» **DATA**:

----

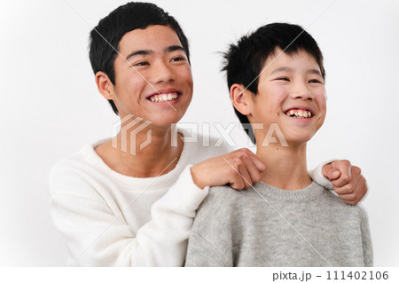 私服姿の小学生と中学生の男性 ライフスタイルイメージ
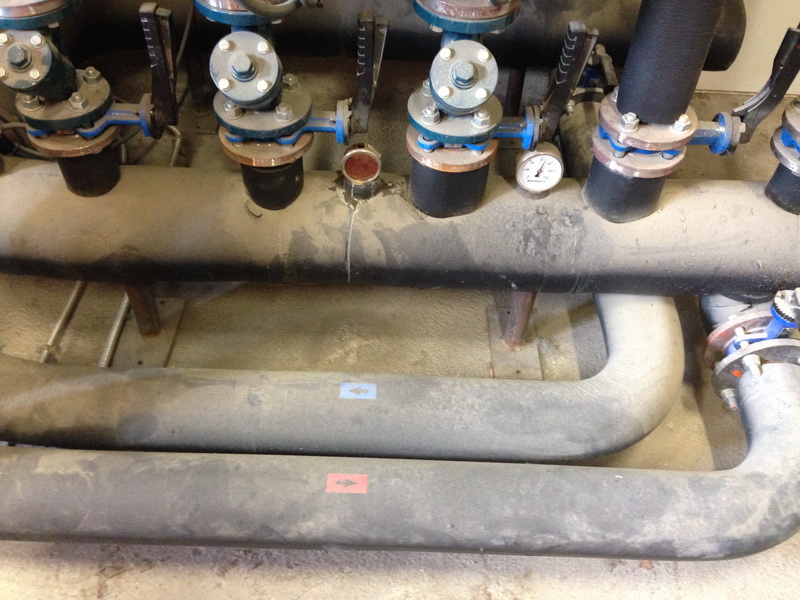 A la caldera hi entra un tub d’aigua freda que s’escalfa i en surt un altre d’aigua calenta. Aquesta aigua va al dipòsit d’expansió i d’aquí és transportada mitjançant bombes per tot el col·legi.
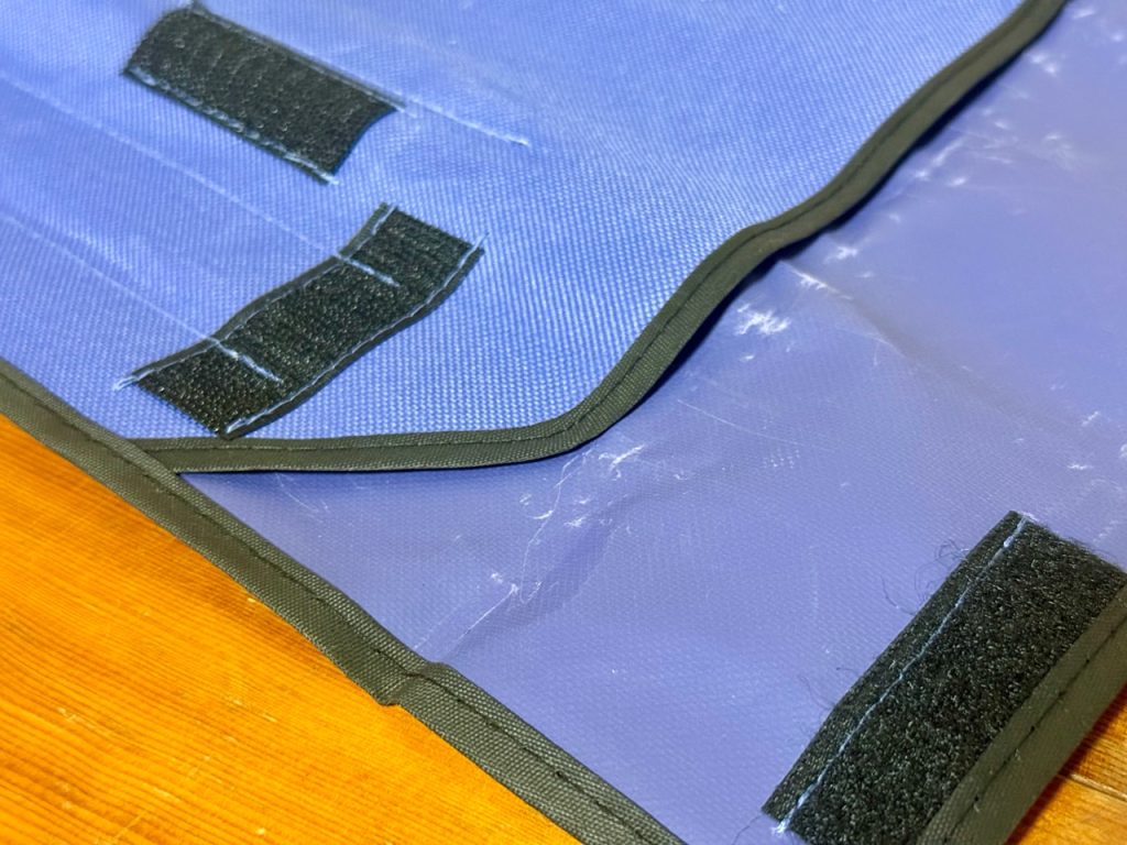 固めの素材で内側は撥水しそうな加工がされています。結果として若干跡がつきやすい感じに。
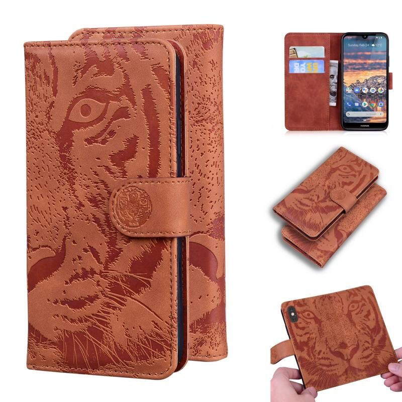 Θήκη δέρματος οριζόντιας αναδίπλωσης για Nokia 4.2 με ανάγλυφο σχέδιο τίγρης, με βάση & υποδοχές καρτών & πορτοφόλι (Κόκκινο)
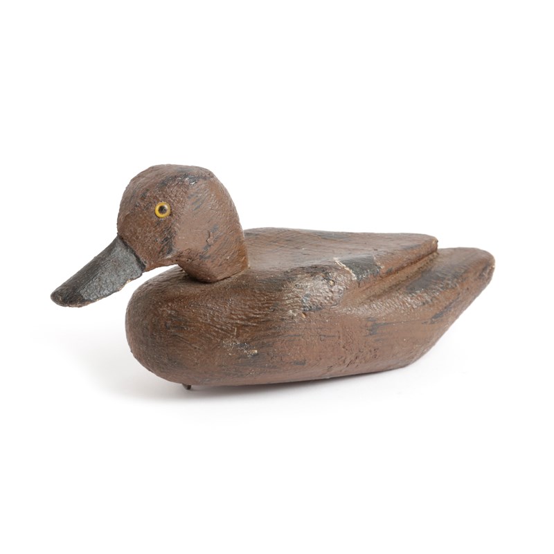 A CARVED WOOD AND PAINTED DECOY DUCK
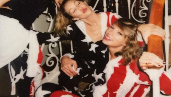 7月4号这天,霉霉和吉吉·哈迪德绝对是超级爱国者。这天,二人身穿美国国旗连衣裙,一边红白条纹,另一边则是蓝底白星。
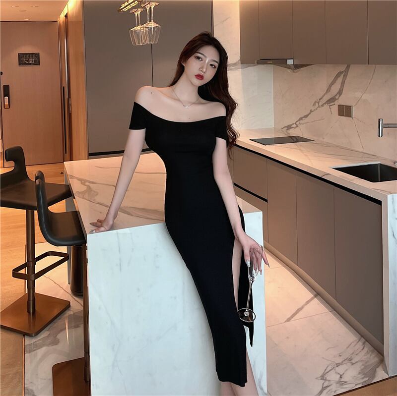 2022年の新しい女性の夏のロイヤルシスタースタイルのセクシーな中空の背中の開いたミドル丈のワンショルダードレス micat53714972243

----

Give back every entry word for word, and drop the pictures as you go.

 私服姿の小学生と中学生の男性 ライフスタイルイメージ
 A la caldera hi entra un tub d’aigua freda que s’escalfa i en surt un altre d’aigua calenta. Aquesta aigua va al dipòsit d’expansió i d’aquí és transportada mitjançant bombes per tot el col·legi.
 固めの素材で内側は撥水しそうな加工がされています。結果として若干跡がつきやすい感じに。
 Θήκη δέρματος οριζόντιας αναδίπλωσης για Nokia 4.2 με ανάγλυφο σχέδιο τίγρης, με βάση & υποδοχές καρτών & πορτοφόλι (Κόκκινο)
 A CARVED WOOD AND PAINTED DECOY DUCK
 7月4号这天,霉霉和吉吉·哈迪德绝对是超级爱国者。这天,二人身穿美国国旗连衣裙,一边红白条纹,另一边则是蓝底白星。
 2022年の新しい女性の夏のロイヤルシスタースタイルのセクシーな中空の背中の開いたミドル丈のワンショルダードレス micat53714972243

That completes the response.